A screenshot of the Job Overview panel will be helpful. Click the "Job overview" button on upper right of your current screenshot.

leonieroos commented 1 year ago

Hi @wangchao1230 job id: mango_turtle_zzbgpfx7r2

image

Thanks!

brynn-code commented 1 year ago

@leonieroos Hi, the syntax when writing a one-line command into multiple lines in yaml shall be:

command: >-
  python aml_train.py  
  --data ${{inputs.data}}  
  --data_out ${{outputs.data_out}}

But in your yaml there are some leading white spaces:

command: >-
  python aml_train.py  
    --data ${{inputs.data}}  
    --data_out ${{outputs.data_out}}

Could you please try to remove those leading whitespaces before arguments? They will be converted as \n in yaml. You could refer to https://stackoverflow.com/questions/3790454/how-do-i-break-a-string-in-yaml-over-multiple-lines for more details, there is a table in the question answer. image

wangchao1230 commented 1 year ago

@leonieroos And for the UI not showing status/error message issue, I am wondering if it's an issue with UI or run history index refresh issue. Could you confirm: if wait for a few mins and refresh UI will show the error message/status for you?

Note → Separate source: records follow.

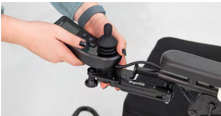
Abbildung 9: Einführen des Schwenkarms

Führe nun den Schwenkarm wieder in die Armlehnenöffnung ein (s. Abb. 9). Drehe die Feststellschraube an der Armlehne fest, um den Schwenkarm zu fixieren (s. Abb. 10).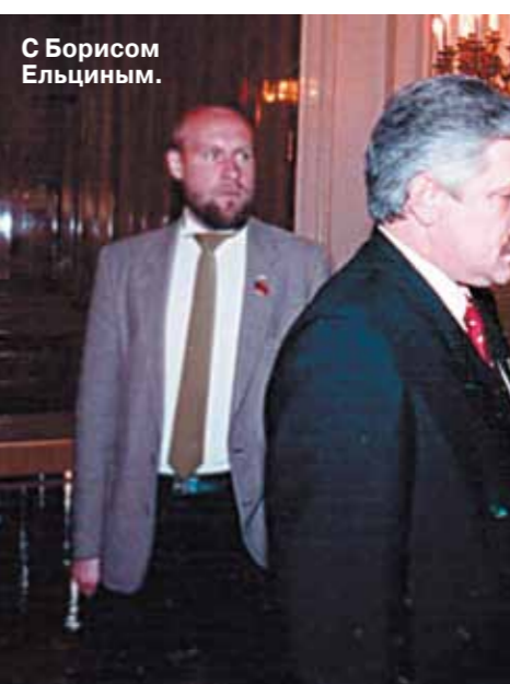
С Борисом Ельциным.

— Я проважал Ельцину в Минск. Он мне сказал, что летит подписывать с Белоруссией соглашение об экономическом сотрудничестве. А утром я, как и народ всей страны, узнал, что СССР упразднен и создается СНГ. По прилету Ельцина я все ему высказал, что думаю по этому поводу.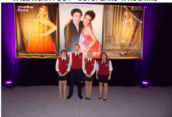
TANEČNÍ – ZÁSADY SPRÁVNÉHO STOLOVÁNÍ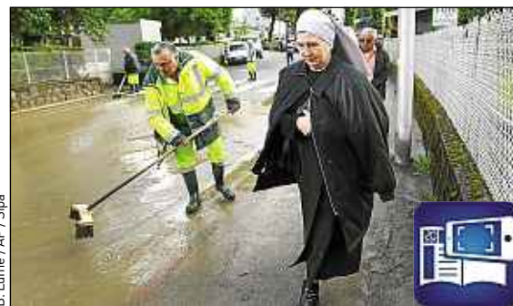
B. Edme / AP / Sipa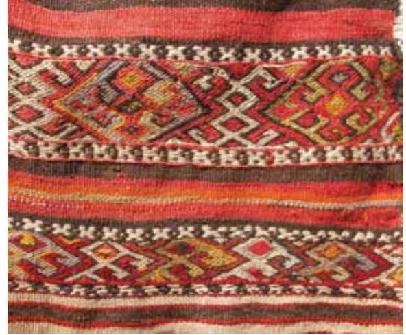
Foto 6. Alaçuval, Alasıkara Daş Detayı, 124x84 cm Sumak, Ali Yıldırım Evi, Ö. Aydın, 2008

nır. Ala kelimesi çuval dokumalarının tek renkli olmadığını, zengin motif ve renklerle bezenmiş olduğunu anlatır. Göçebe yaşamında kullanılan ala çuvallar; giysilerini, takılarını ve değer verdikleri eşyalarını koydukları çuvallardır. Günümüzdeki sandığın yerini tutmuştur. Bu çuvallar kıl ve keçe çadırlarda yan yana dizilerek alanları süsler. (Foto 6.)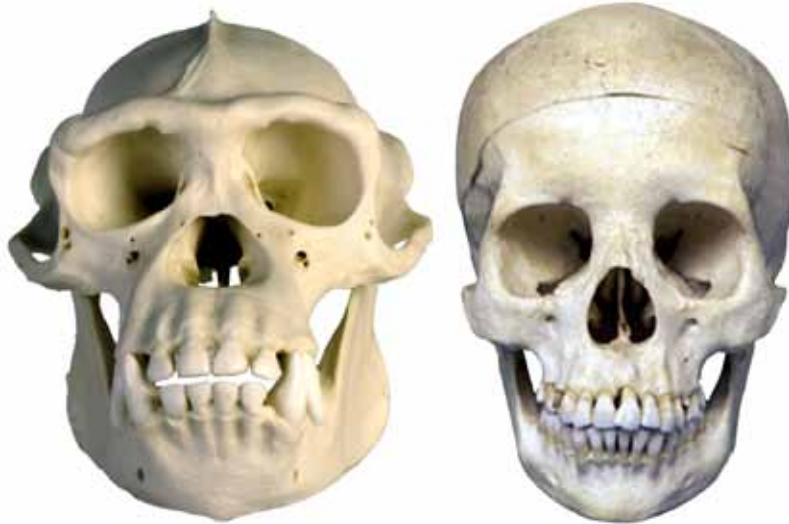
Kranier af chimpanse (tv.) og homo sapiens (th.)

Det er ikke helt klart, hvornår præcist de eurocentriske akademikere begyndte at fuske med veletablerede fakta, fortolkninger og begreber, men i 1970/80-tallet forsvandt Grimaldi-typen ud af kundskabsuniverset ved at blive inkluderet i Cro Magnon-begrebet.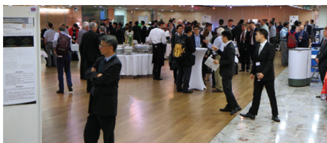
» Slika 2: Čas za kosilo in diskusijo po predavanjih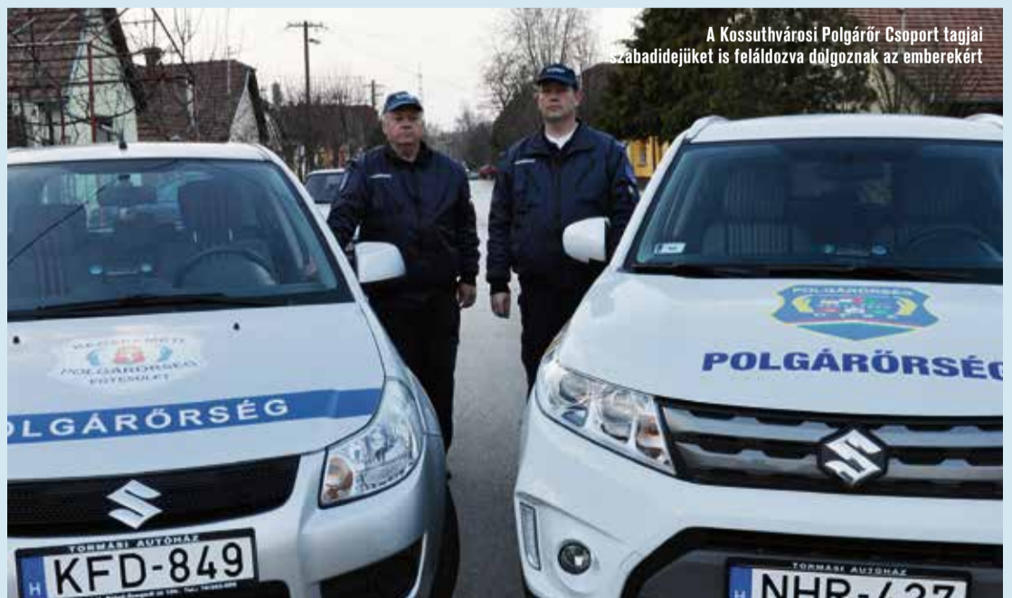
A Kossuthvárosi Polgárőr Csoport tagjai szabadidejüket is feláldozva dolgoznak az emberekért

Polgárőreinket folyamatosan képezzük. Részt veszünk az Országos Polgárőr Szövetség 2016-ra meghirdetett Nagyvárosi Bűnmegelőzési Programjában. Ezzel is próbálunk még nagyobb hangsúlyt fektetni munkánk minőségére, a kollégák kul-

leonieroos commented 1 year ago

Hi @brynn-code , thank you for picking that up. I have changed it exactly to match the normal train step (command instead of sweep which works) and it still leaves the same issue.

@wangchao1230 , the refresh is not showing any thing different. However, the one I ran now is just stalled between the steps and indicates status not started at the pipeline job overview. This is been stalled now for 2 hours:

image

It seems like I am missing a detail? The UI is recognizing the sweepstep in the canvas as such and has the search space - when I leave out a variable from the component it does raises an error with the command of the component: so seems to seeing it as a command

image
brynn-code commented 1 year ago

@leonieroos Could you please elaborate more about 'changed it to match the normal train step'? The issue about multi-line command is not related to the component type, which means no matter the step is a command step or a sweep step, the 'command' field shall be right format for execution.

leonieroos commented 1 year ago

So I changed the type from sweep to command in the pipeline to the same component command and that works with putting the search space back to inputs.